> _Prompt_:
What is needed is an exact reproduction of the lines in the records below, starting at the line with "Bibliotekos darbuotoja šiltai" and ending at the line with "简单制作交互动画:Muged", both included, and nothing else; pictures stay out.
[[ Provided records open ]]
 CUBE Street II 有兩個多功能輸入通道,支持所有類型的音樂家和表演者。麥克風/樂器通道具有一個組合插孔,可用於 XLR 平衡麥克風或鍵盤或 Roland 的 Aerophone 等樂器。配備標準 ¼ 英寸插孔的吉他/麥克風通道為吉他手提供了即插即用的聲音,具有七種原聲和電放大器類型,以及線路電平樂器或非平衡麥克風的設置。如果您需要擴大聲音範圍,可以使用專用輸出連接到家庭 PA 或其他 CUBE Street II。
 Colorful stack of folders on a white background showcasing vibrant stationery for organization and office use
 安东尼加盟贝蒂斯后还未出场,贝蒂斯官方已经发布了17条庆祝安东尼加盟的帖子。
[[ Provided records closed ]]
[[ Provided records open ]]
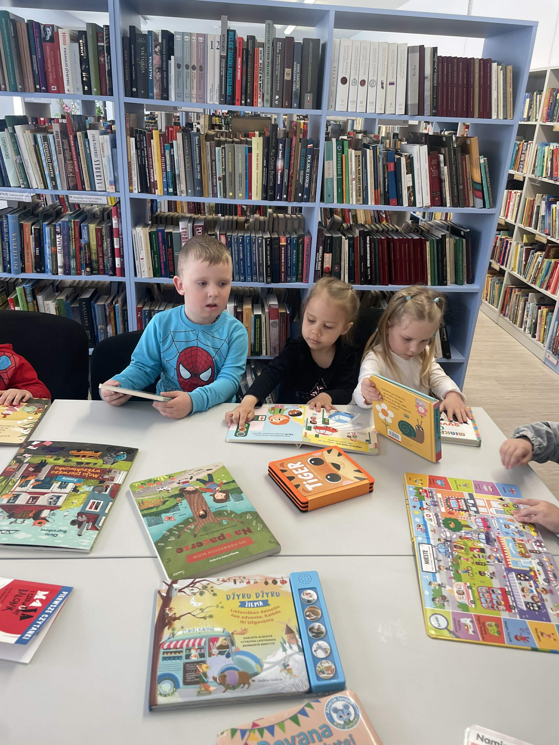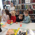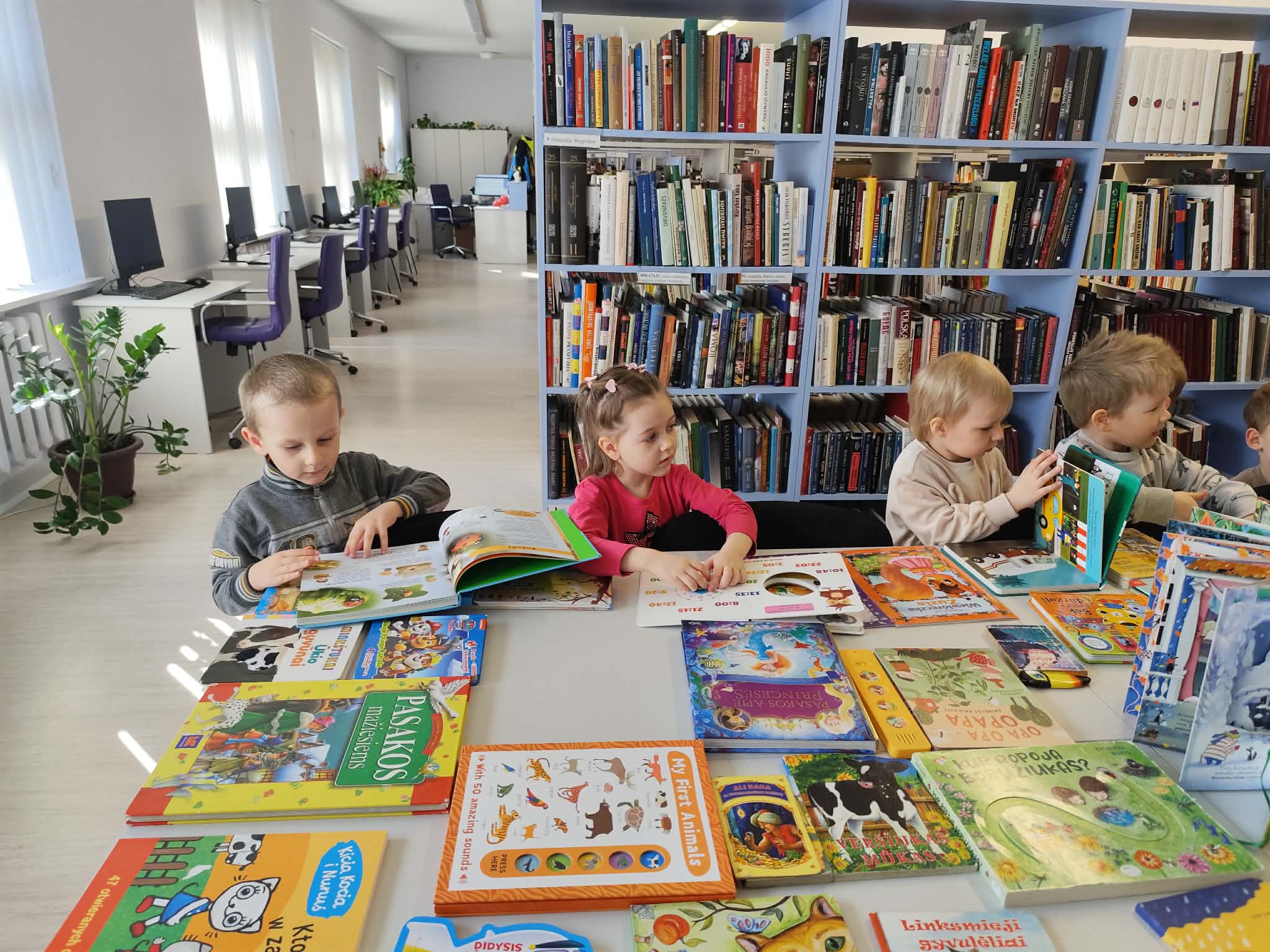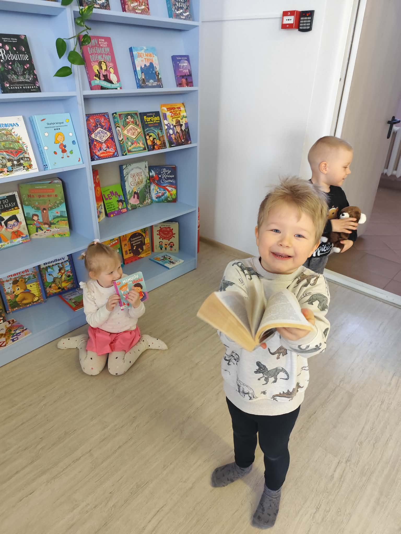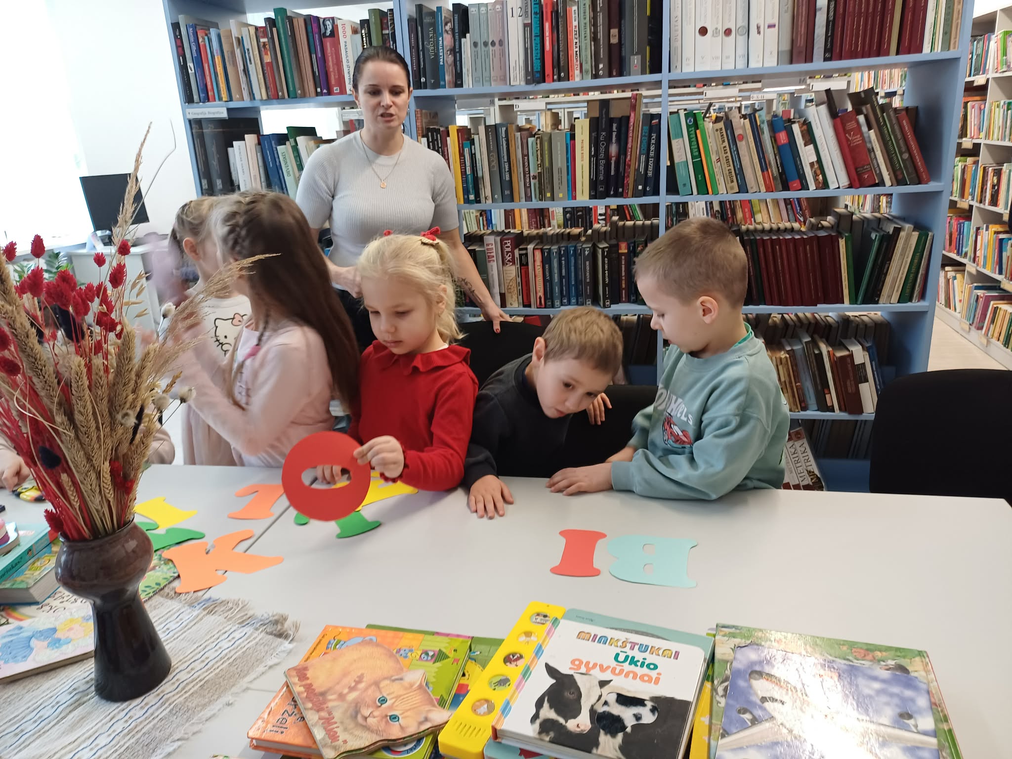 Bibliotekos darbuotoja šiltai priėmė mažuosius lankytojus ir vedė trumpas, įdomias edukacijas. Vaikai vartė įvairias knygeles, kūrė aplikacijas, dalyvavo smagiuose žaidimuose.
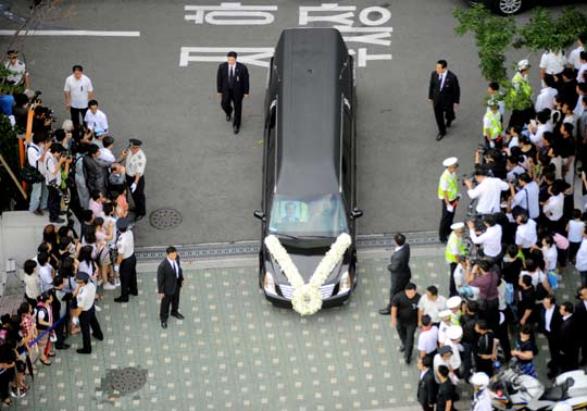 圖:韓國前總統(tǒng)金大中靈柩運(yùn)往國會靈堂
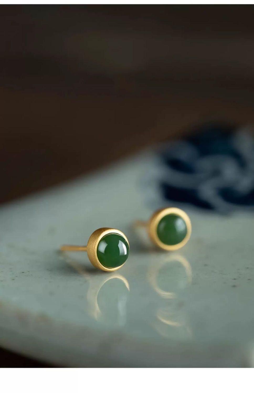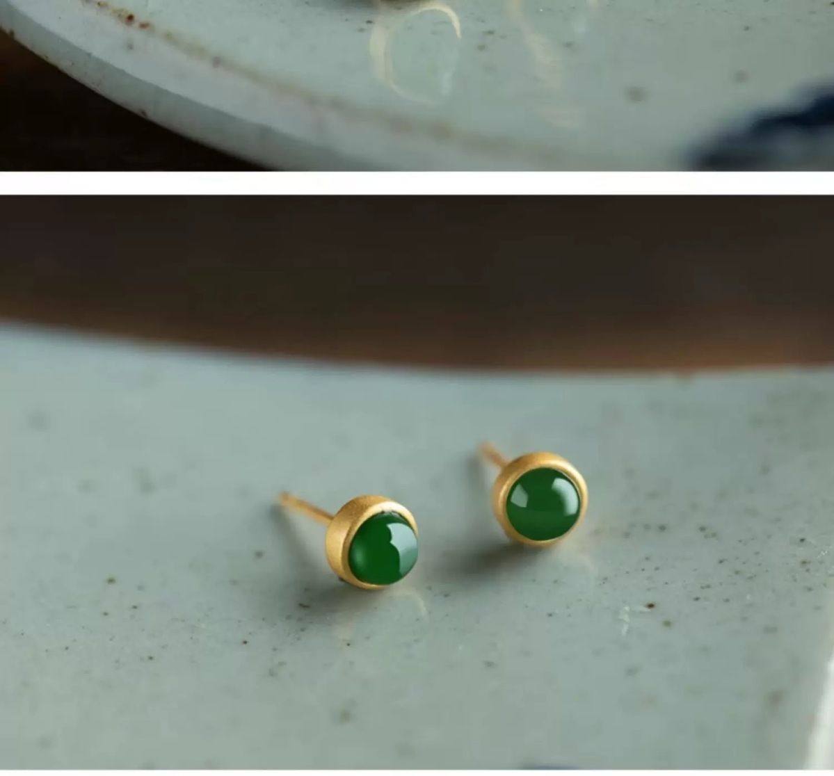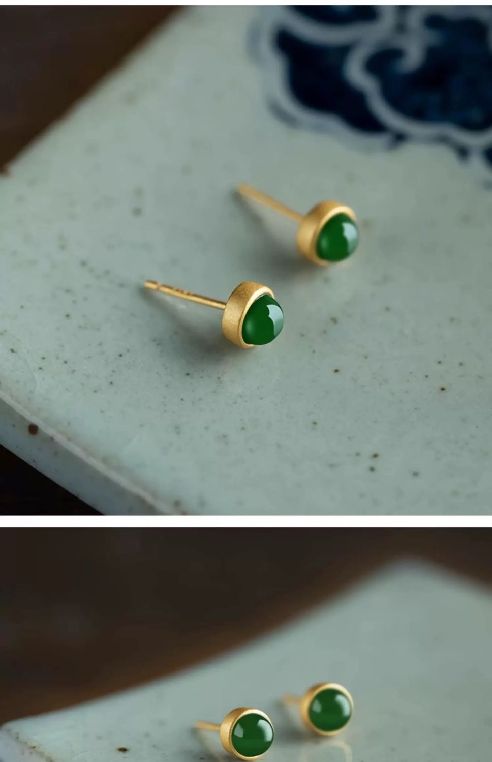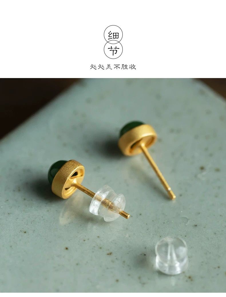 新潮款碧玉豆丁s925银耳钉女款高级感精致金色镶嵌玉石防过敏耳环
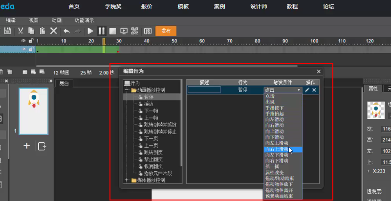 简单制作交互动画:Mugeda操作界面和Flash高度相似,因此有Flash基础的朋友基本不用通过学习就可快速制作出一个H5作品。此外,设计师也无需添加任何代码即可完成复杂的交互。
[[ Provided records closed ]]
> _Written solution_:
 Bibliotekos darbuotoja šiltai priėmė mažuosius lankytojus ir vedė trumpas, įdomias edukacijas. Vaikai vartė įvairias knygeles, kūrė aplikacijas, dalyvavo smagiuose žaidimuose.
 圖:韓國前總統(tǒng)金大中靈柩運(yùn)往國會靈堂
 新潮款碧玉豆丁s925银耳钉女款高级感精致金色镶嵌玉石防过敏耳环
 简单制作交互动画:Mugeda操作界面和Flash高度相似,因此有Flash基础的朋友基本不用通过学习就可快速制作出一个H5作品。此外,设计师也无需添加任何代码即可完成复杂的交互。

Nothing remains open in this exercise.